Exercise objective: Beneath this line are entries. Copy the range from the line with "会上,苏州恪成智能装备有限公" to the line with "Designed with a", ends included, exactly; leave pictures out.
:: Supplied entries ::
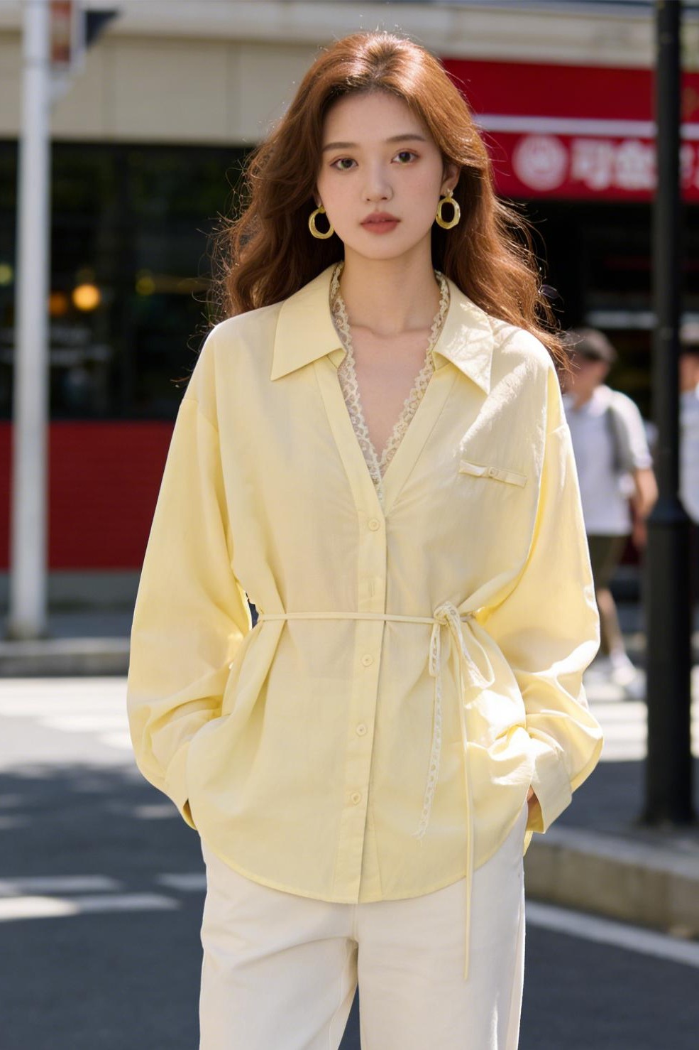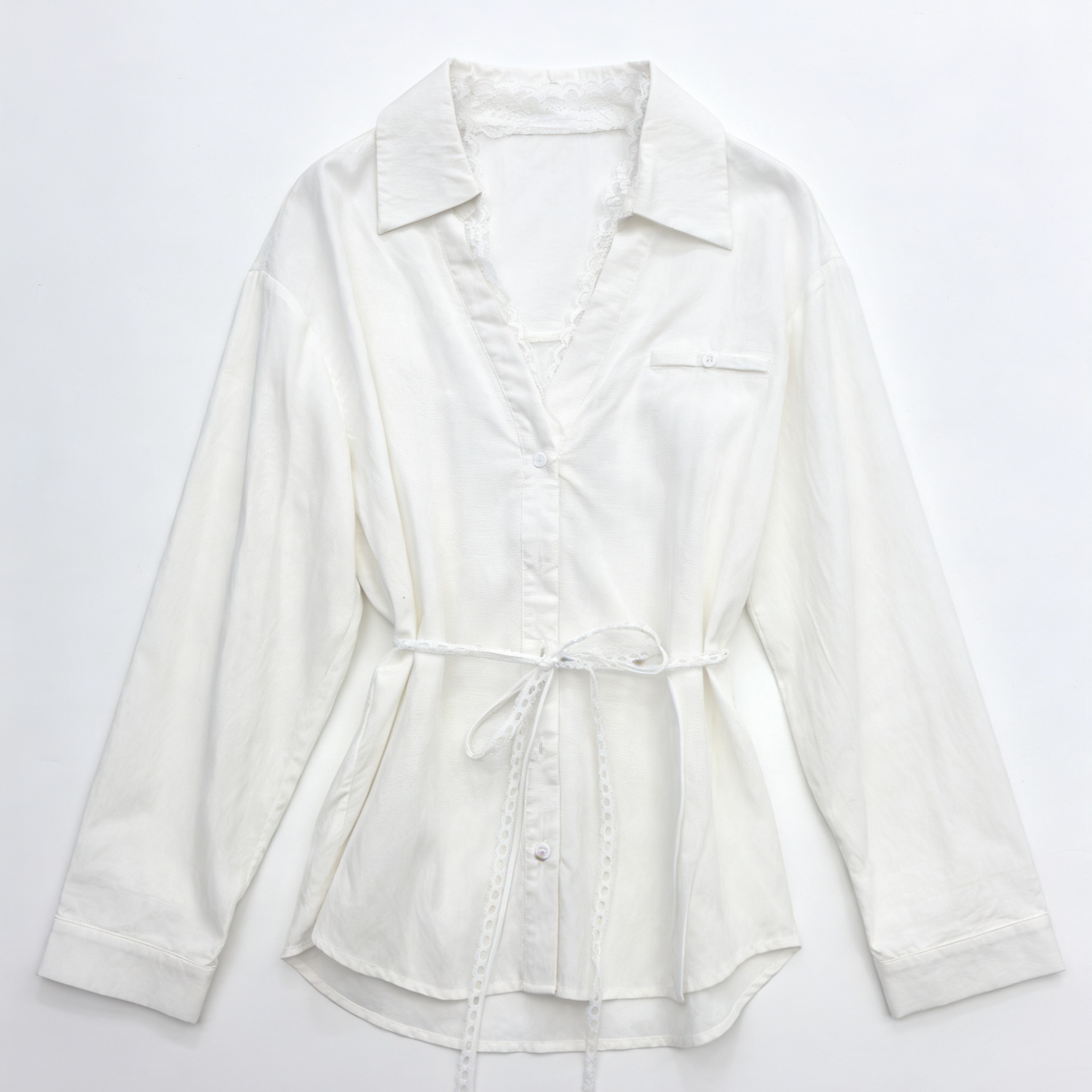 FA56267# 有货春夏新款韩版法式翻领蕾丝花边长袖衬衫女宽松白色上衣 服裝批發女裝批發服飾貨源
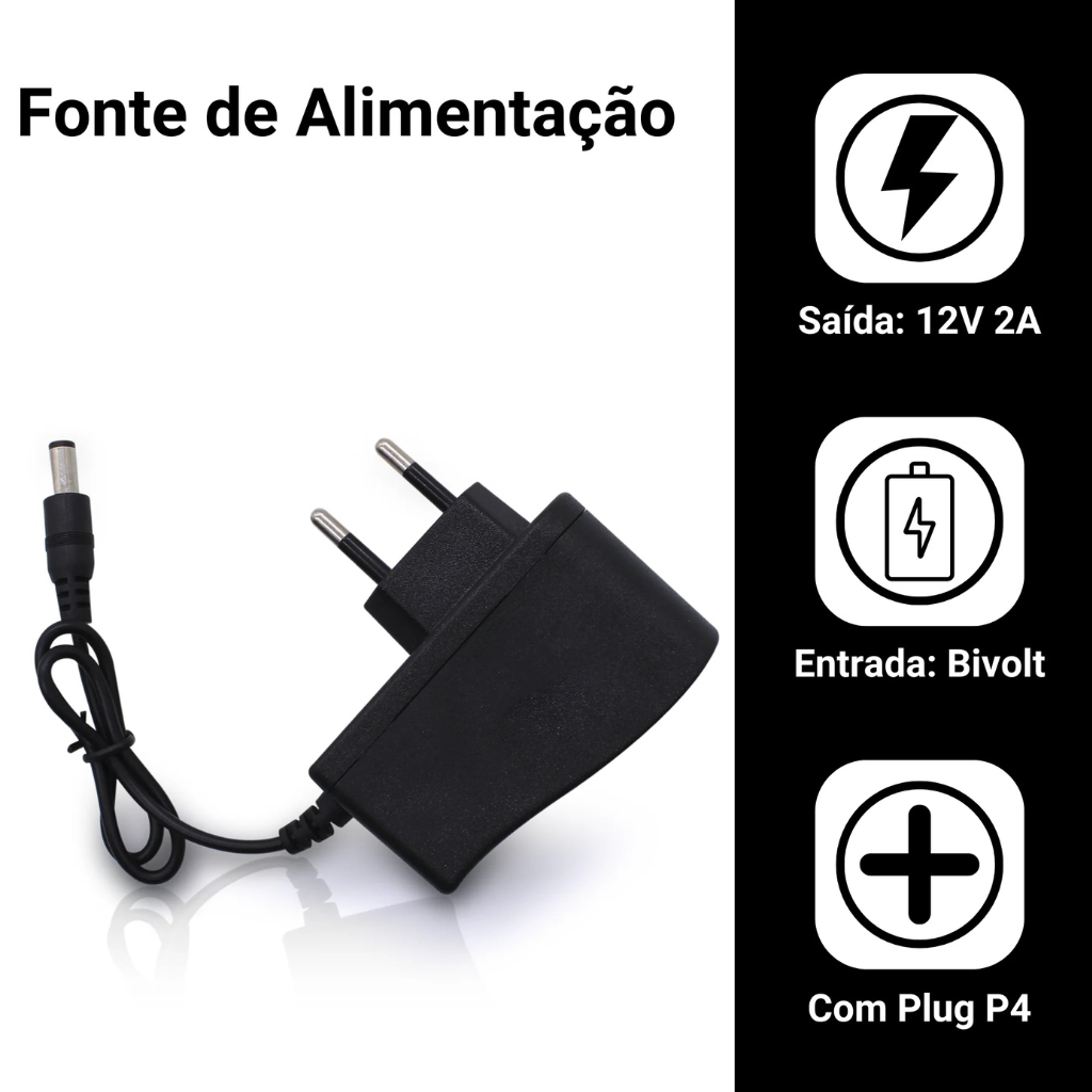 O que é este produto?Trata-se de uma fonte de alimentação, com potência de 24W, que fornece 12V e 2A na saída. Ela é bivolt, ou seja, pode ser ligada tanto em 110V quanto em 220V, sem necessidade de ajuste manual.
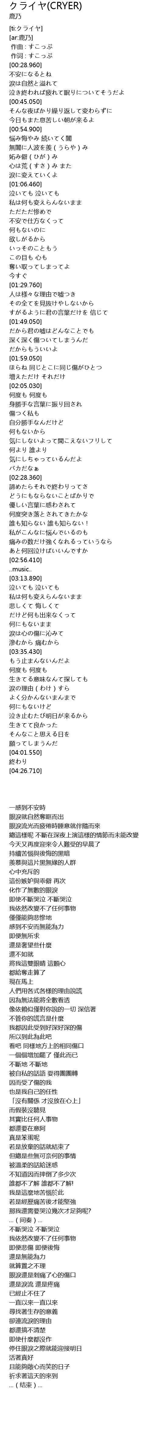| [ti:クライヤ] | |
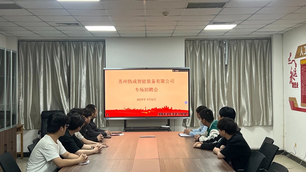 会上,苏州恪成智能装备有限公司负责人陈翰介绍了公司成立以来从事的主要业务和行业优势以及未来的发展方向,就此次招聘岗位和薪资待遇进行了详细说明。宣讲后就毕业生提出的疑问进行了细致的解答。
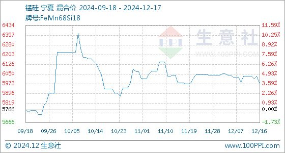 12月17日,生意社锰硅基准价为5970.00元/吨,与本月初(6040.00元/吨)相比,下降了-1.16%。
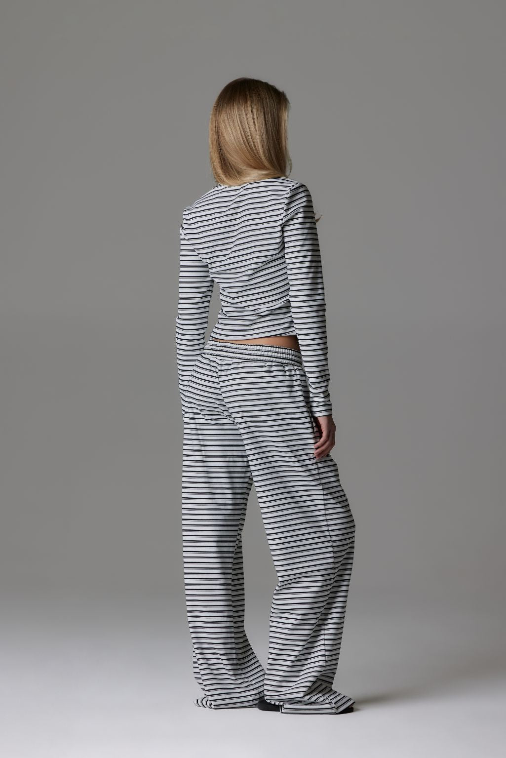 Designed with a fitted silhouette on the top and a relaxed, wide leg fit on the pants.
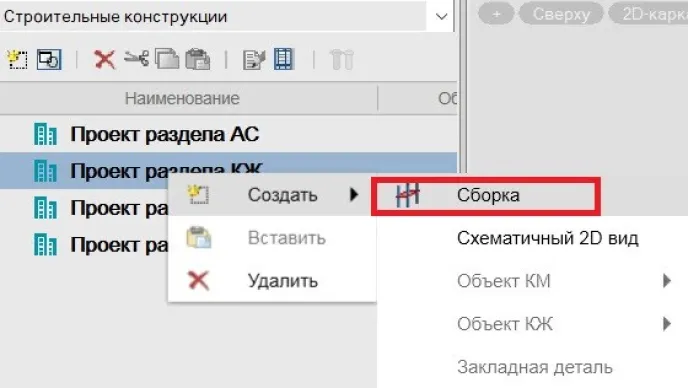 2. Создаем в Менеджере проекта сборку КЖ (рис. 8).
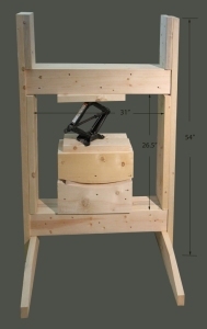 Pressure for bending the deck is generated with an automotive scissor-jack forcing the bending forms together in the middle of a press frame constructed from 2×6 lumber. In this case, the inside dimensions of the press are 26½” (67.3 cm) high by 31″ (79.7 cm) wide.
:::
Solution to this problem:
 会上,苏州恪成智能装备有限公司负责人陈翰介绍了公司成立以来从事的主要业务和行业优势以及未来的发展方向,就此次招聘岗位和薪资待遇进行了详细说明。宣讲后就毕业生提出的疑问进行了细致的解答。
 12月17日,生意社锰硅基准价为5970.00元/吨,与本月初(6040.00元/吨)相比,下降了-1.16%。
 Designed with a fitted silhouette on the top and a relaxed, wide leg fit on the pants.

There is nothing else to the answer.